A full, word-for-word copy of the listing below is needed; leave the images out of it.

═══

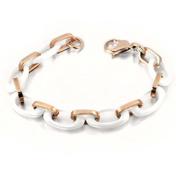 Różowo Złota Bransoletka ze Stali i Ceramiki
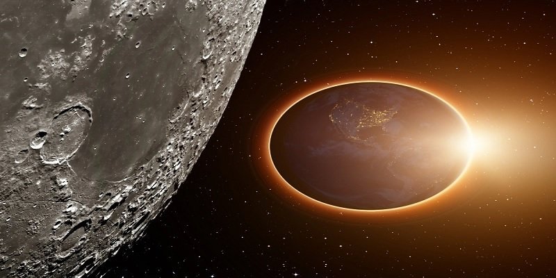 गौरतलब है कि चंद्रग्रहण पूर्णिमा को लगता है क्योंकि इस दिन पृथ्वी, सूर्य एवं चंद्रमा के बीच आ जाती है तथा ये तीनों एक सीधी रेखा में अवस्थित हो जाते हैं। पूर्ण चंद्रग्रहण तब होता है, जब पूरा चंद्रमा पृथ्वी की छाया से आवृत हो जाता है तथा आंशिक चंद्र ग्रहण होता है।
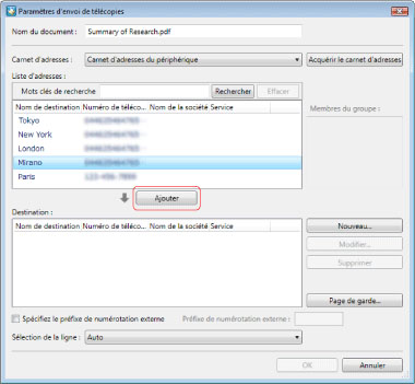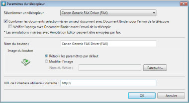 Vous pouvez configurer la page de garde dans la boîte de dialogue [Paramètres d'envoi de télécopies]. Pour plus d'informations, consultez « Référence ».
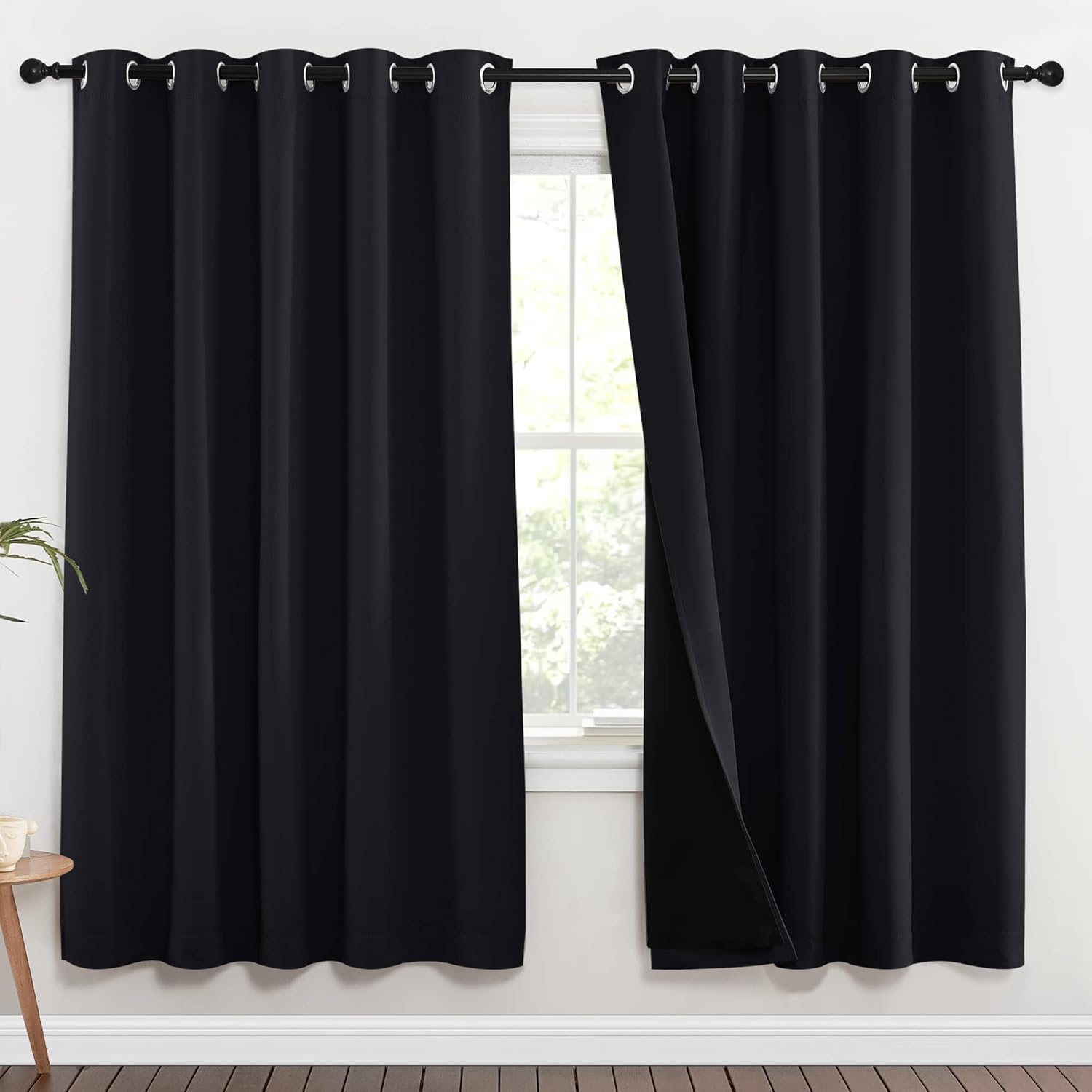 NICETOWN 100% Blackout Window Curtain Panels, Full Light Blocking Drapes with Black Liner for Nursery, 72 inches Drop Thermal Bedroom Drapes and Curtains (Black, 2 Pieces, 70 inches Wide Per Panel)
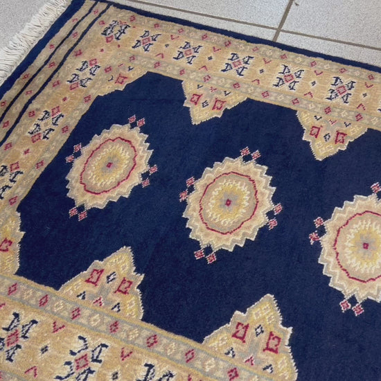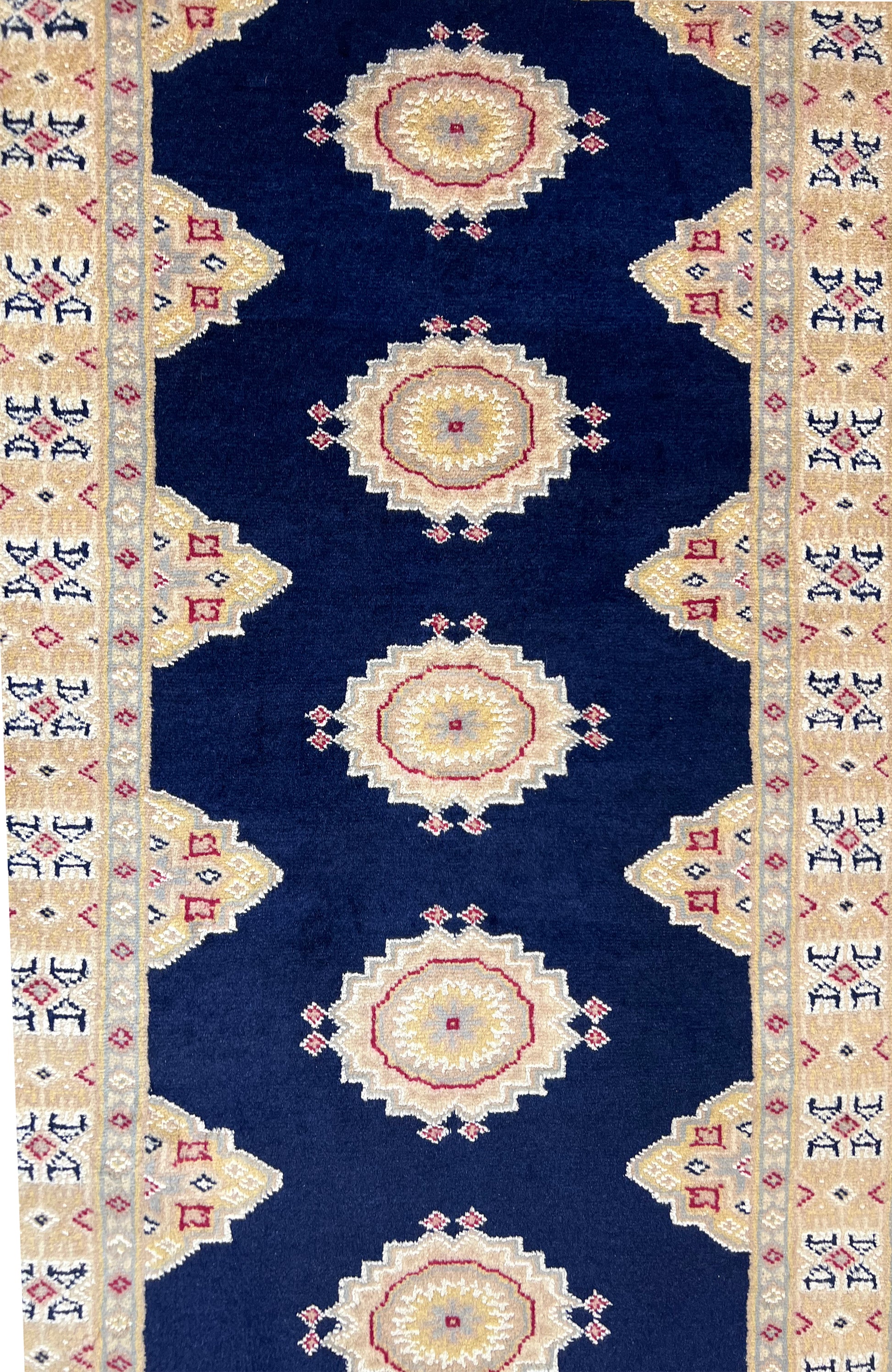 Bokhara is a term widely used in the West to refer to carpets and rugs made by various Turkmen tribes of Central Asia. Their history dates back centuries. The Turkomans were situated to the north of what is now called Afghanistan. During the early 1900s, the name of Bukhara, a city in Uzbekistan, was given to these rugs. The Turkomans were an industrious people who would barter their trade for food, clothing, etc. As a result, their weaving would invariably show up in bazaars (a type of market) in cities such as Bukhara, hence the name. The city did serve as a transit point for some Turkmen rugs on their way to the West. Nowadays, Bokharas are considered among the finest carpets in Afghanistan and Pakistan, distinguished by their extra fine knots and soft, silky touch. They are also popular worldwide due to their suitability to almost any space.
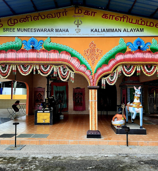 The Maha Kaliyamman Sri Muneeswarar Temple was established in the 1960s in Bentong, Pahang. According to the dream of a Tamil individual residing in this area, Muneeswaran conveyed his desire to have a temple built for him. In response, the devotee cleared a small space nearby, constructed a modest shrine, and installed a trident (Soolam) to initiate the worship of Muneeswaran. Continuing this effort, the People in the vicinity further adorned a statue of Lord Vinayagar in a nearby tree and began worshipping both Muneeswaran and Vinayagar.In the course of time, they extended their devotion by building a small temple for Kaliyamman as well. In 2019, the temple underwent complete renovation and was consecrated with the name Sri Kaliyamman Sri Muneeswarar Temple. Currently, the temple is registered, and all worship ceremonies and festivals are celebrated with great reverence.
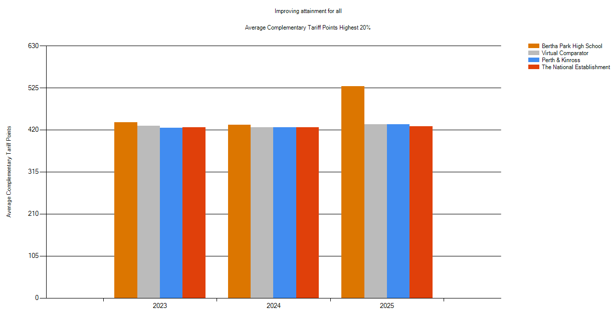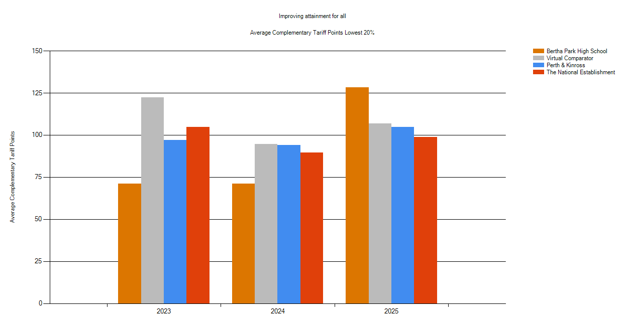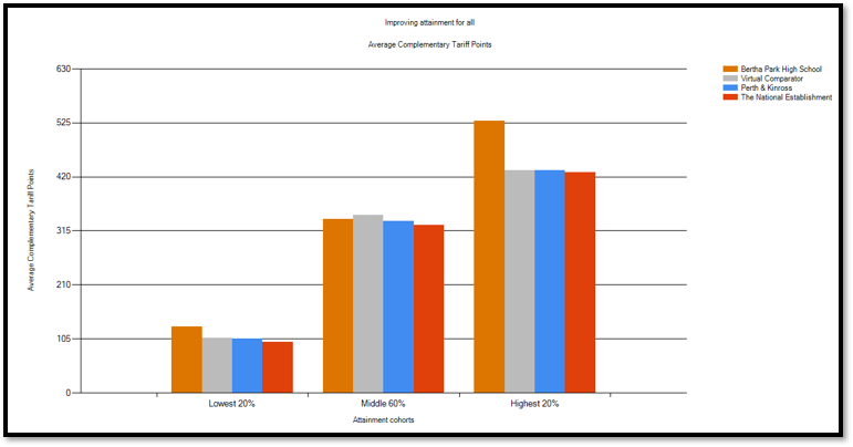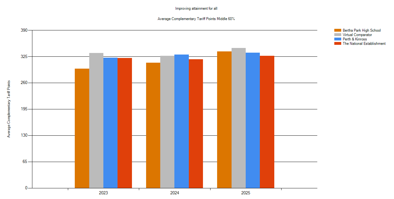 We have plans in place to increase the attainment of this group of pupils to edge above the Virtual Comparitor (grey bar), but the middle attaining 60% of S4 pupils are still getting a very good experience at Bertha Park High.
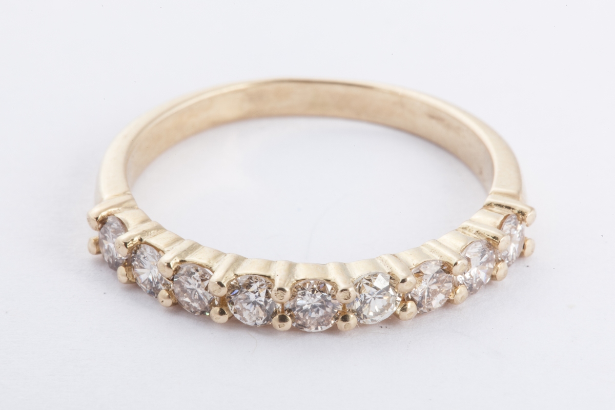 BAGUE en or jaune, sertie d'une ligne de petits diamants de taille brillant.

═══

## SOLVED EXERCISE
 Różowo Złota Bransoletka ze Stali i Ceramiki
 गौरतलब है कि चंद्रग्रहण पूर्णिमा को लगता है क्योंकि इस दिन पृथ्वी, सूर्य एवं चंद्रमा के बीच आ जाती है तथा ये तीनों एक सीधी रेखा में अवस्थित हो जाते हैं। पूर्ण चंद्रग्रहण तब होता है, जब पूरा चंद्रमा पृथ्वी की छाया से आवृत हो जाता है तथा आंशिक चंद्र ग्रहण होता है।
 Vous pouvez configurer la page de garde dans la boîte de dialogue [Paramètres d'envoi de télécopies]. Pour plus d'informations, consultez « Référence ».
 NICETOWN 100% Blackout Window Curtain Panels, Full Light Blocking Drapes with Black Liner for Nursery, 72 inches Drop Thermal Bedroom Drapes and Curtains (Black, 2 Pieces, 70 inches Wide Per Panel)
 Bokhara is a term widely used in the West to refer to carpets and rugs made by various Turkmen tribes of Central Asia. Their history dates back centuries. The Turkomans were situated to the north of what is now called Afghanistan. During the early 1900s, the name of Bukhara, a city in Uzbekistan, was given to these rugs. The Turkomans were an industrious people who would barter their trade for food, clothing, etc. As a result, their weaving would invariably show up in bazaars (a type of market) in cities such as Bukhara, hence the name. The city did serve as a transit point for some Turkmen rugs on their way to the West. Nowadays, Bokharas are considered among the finest carpets in Afghanistan and Pakistan, distinguished by their extra fine knots and soft, silky touch. They are also popular worldwide due to their suitability to almost any space.
 The Maha Kaliyamman Sri Muneeswarar Temple was established in the 1960s in Bentong, Pahang. According to the dream of a Tamil individual residing in this area, Muneeswaran conveyed his desire to have a temple built for him. In response, the devotee cleared a small space nearby, constructed a modest shrine, and installed a trident (Soolam) to initiate the worship of Muneeswaran. Continuing this effort, the People in the vicinity further adorned a statue of Lord Vinayagar in a nearby tree and began worshipping both Muneeswaran and Vinayagar.In the course of time, they extended their devotion by building a small temple for Kaliyamman as well. In 2019, the temple underwent complete renovation and was consecrated with the name Sri Kaliyamman Sri Muneeswarar Temple. Currently, the temple is registered, and all worship ceremonies and festivals are celebrated with great reverence.
 We have plans in place to increase the attainment of this group of pupils to edge above the Virtual Comparitor (grey bar), but the middle attaining 60% of S4 pupils are still getting a very good experience at Bertha Park High.
 BAGUE en or jaune, sertie d'une ligne de petits diamants de taille brillant.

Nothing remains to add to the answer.